Author Archives: Simon Waters

Huawei Ascend G300 – Android Phone – First impressions

Okay I put off buying a smart phone till my previous mobile phone looked like it would die, since I’m a geek and I knew too much time would be spent playing and fiddling.

After some reading around I settled on the Huawei Ascend G300 as the cheapest Android phone likely to ever have Ice Cream Sandwich officially supported. Currently available from Tesco for £80 as they try and clear their stock, in the UK it will be supplied connected to Vodafone, and mine was locked.

The phone itself seems well made. The only item I think I might want over and above what is included is a front facing camera since rear facing doesn’t work with Skype. The 5MP camera in the phone is tricky to get a good photo from, I have taken a few good shots with it, so perhaps it can be mastered.

Unlocked cheaply by “unlockfusion.com” since Vodafone has no signal around here.

Moving it to Orange PAYG I discover the support for managing data on PAYG is pretty much useless. I plan to switch to Giff-Gaff as soon as I burn down my credit at Orange since they offer unlimited data for £10 a month.

Played around with various widgets on the screen, but decided that the notification for Email, Facebook and other apps means that most of the widgets just clutter the display.

As a geek ConnectBot went in as an SSH client.

Skype went in as a surprising choice, but the Skype client (when it doesn’t crash) offers cheap calls, and saves messing around with Skype on the desktop. I’m surprised more Android users don’t have it set up.

Settled on Jorte for a diary app as it sync with Google Calendar including “tasks” (which are a simple To-Do list thing in Google Calendar).

Browser – I have a lot of accounts around the web and use LastPass as a password manager. The Lastpass browser doesn’t yet support reporting location to websites, but it seems the Dolphin Browser has a competent LastPass plugin, a combination that seems to work well.

The Huawei comes with the TouchPal input which seems fine.

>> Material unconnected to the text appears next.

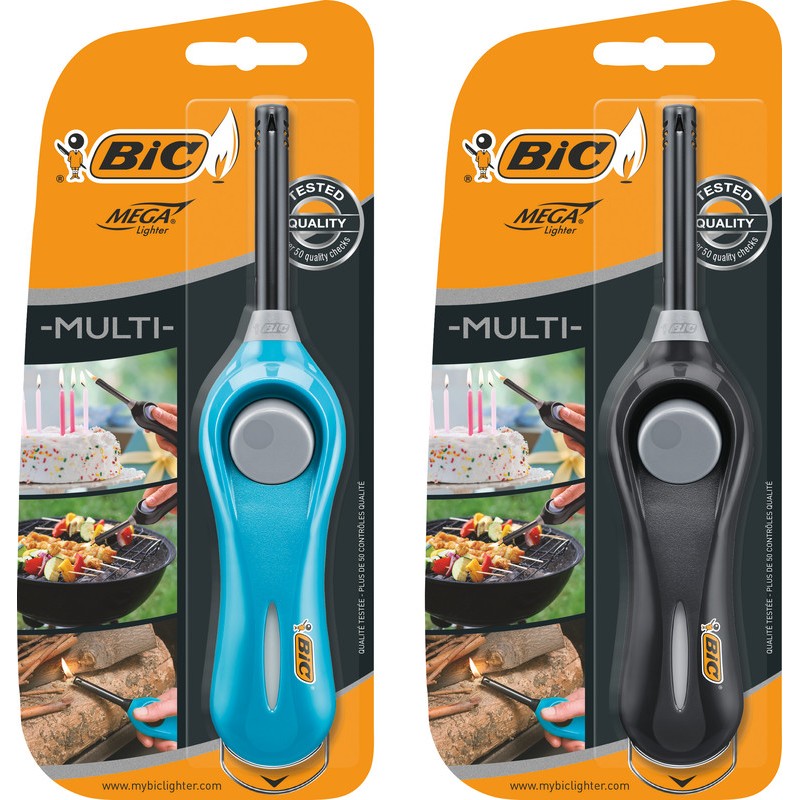 BIC® Multifunktionsfeuerzeug Megalighter U140 ergonomischer Kunststoffgriff, einfache und komfortable Zündvorrichtung (60 mm) dank Druckknopf, Gasstandanzeige, nicht nachfüllbar, farbig sortiert, türkis und schwarz.

Most of the bundled Vodafone apps are set so you can’t uninstall them which is obviously an attempt to preserve revenue by Vodafone, also these apps are not the best of breed. Slightly annoying that you can’t just remove them, and apparently easily worked around but I’ll leave that till after the ICS update.

Ended up with Email, Skype, Facebook as the icons at the bottom of the toolbar, that are shown on each screen. Also installed a selection of games, and some books from Google Play.

Whilst generally happy I am a bit disappointed with the reliability of the applications, almost all the applications have at some point crashed (invoking a “force close”). I’m use to applications being more reliable than this on my Debian desktop.

Also Google Play often have games or applications which whilst billed as free (gratis) are cut down versions of paid for applications. Whilst I don’ mind paying, I don’t like being led to believe I’m getting one thing to discover it is another.

The built in FM radio requires the headset to act as aerial and you tend to get noise from the jack socket moving around if using it whilst walking around.

Most surprising plus is that voice input, whilst a bit hit and miss, is often better than trying to type the input.

In summary I think I ended up with a good budget smart phone, obviouly doesn’t have the CPU power or screen size of the newer phones, but happily plays video full screen.